Michel de Montaigne, An Apology for Raymond Sebond, Bordeaux 1580; John Florio s translation, London, 1603 I have followed my Masters footing hitherto, hee must of necessity pass by one of these three wayes; it is neither this nor that, then consequently hee is gone this other. And by this conclusion or discourse assuring him selfe, comming to the third path, hee useth his sense no more, nor sounds it any longer, but by the power of reason suffers himselfe violently to be carried through it. This meere logicall tricke, and this use of divided and conjoyned propositions, and of the sufficient numbring of parts: is it not as good that the dog know it by him selfe, as by Trapezuntius his logicke?

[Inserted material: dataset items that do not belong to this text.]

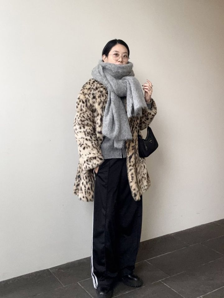 「トーのアルパカシャギー素材でボリュームのあるマフラーを2回ぐるっと巻いてポイントに。ベースはモノトーンコーデですがレオパード柄のファーコートを羽織って華やかさも意識しました。ファーコートがリッチになりすぎないよう、ラインパンツでカジュアルダウンしています」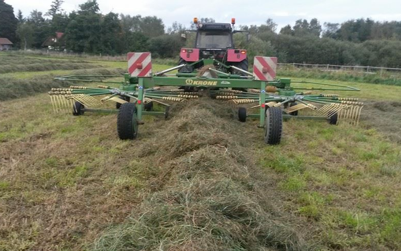 Vi tilbyder at rive dit halm og græs sammen med vores Krone rive.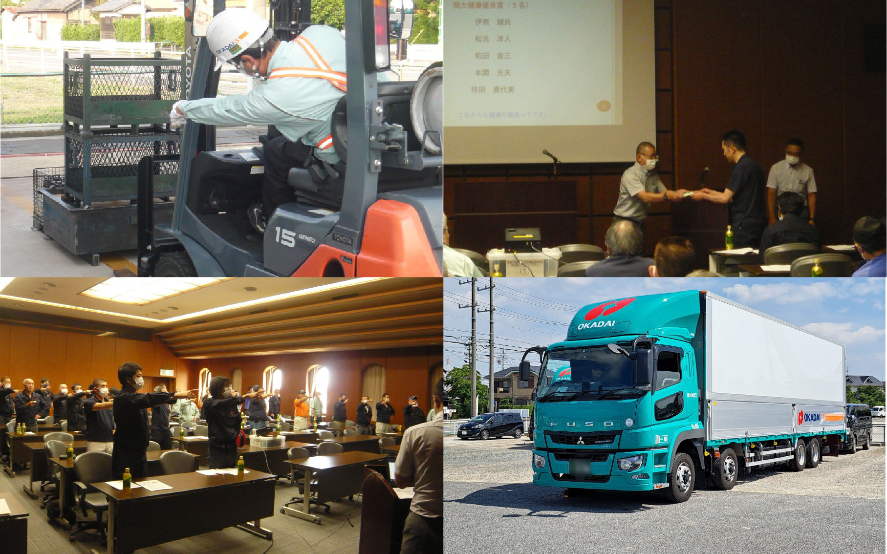 日々の車両管理・ドライバーの健康管理・運行管理はもとより毎月月末に実施するトライバーミーティングでの事故事例等による安全教育、リフト訓練など安全輸送のための教育、訓練を実施しています。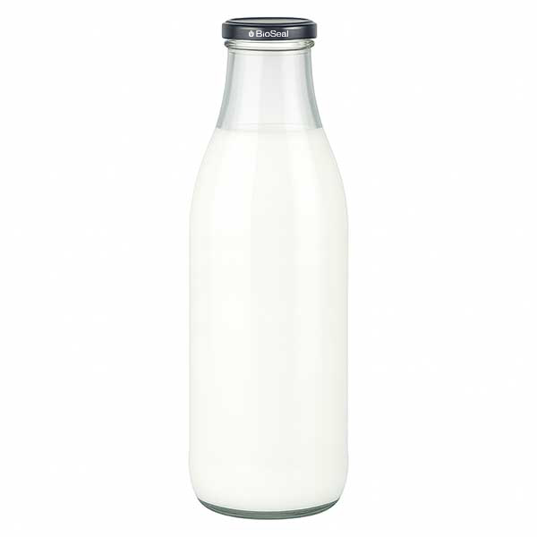 Info sui prodotti "Bottiglia di vetro da 1000 ml + coperchio BioSeal nero UN.."

St. Thomas Aquinas (1225 1274), Summa Theologica, Prima Secundae, Quaest. XIII, Art. II.3 [T]he dog, chasing the stag, reached a crossroads, and having smelled the first and the second path, missing any information, ran with all certainty in the third direction, without further investigation, as if he had used a syllogism.... From which we can infer that brutes have a capacity to choose.

Samuel Taylor Coleridge, The Friend, No. 5, 1809 Why does this story excite either wonder or incredulity? If the story be fact, and not a fiction, I should say... the Breeze brought his Master s scent down the fourth Road to the Dog s nose, and... therefore he did not put it down to the Road, as in the two former instances.

St. Basil, Homilies on Hexaemeron, Caesarea, c. 379 Whereas the wise of our world may spend a life-time of laborious meditation on the combinations of syllogisms, dogs manage to clear up such problems naturally. Cited by Floridi.

David Hume An Enquiry concerning Human Understanding, Edinburgh, 1748 [I]t is not logic, but experimental reasoning... which we possess in common with beasts... on which the whole conduct of life depends... nothing but a species of instinct or mechanical power, that acts in us unknown to ourselves; and in its chief operations, is not directed by any such relations or comparisons of ideas, as are the proper objects of our intellectual faculties.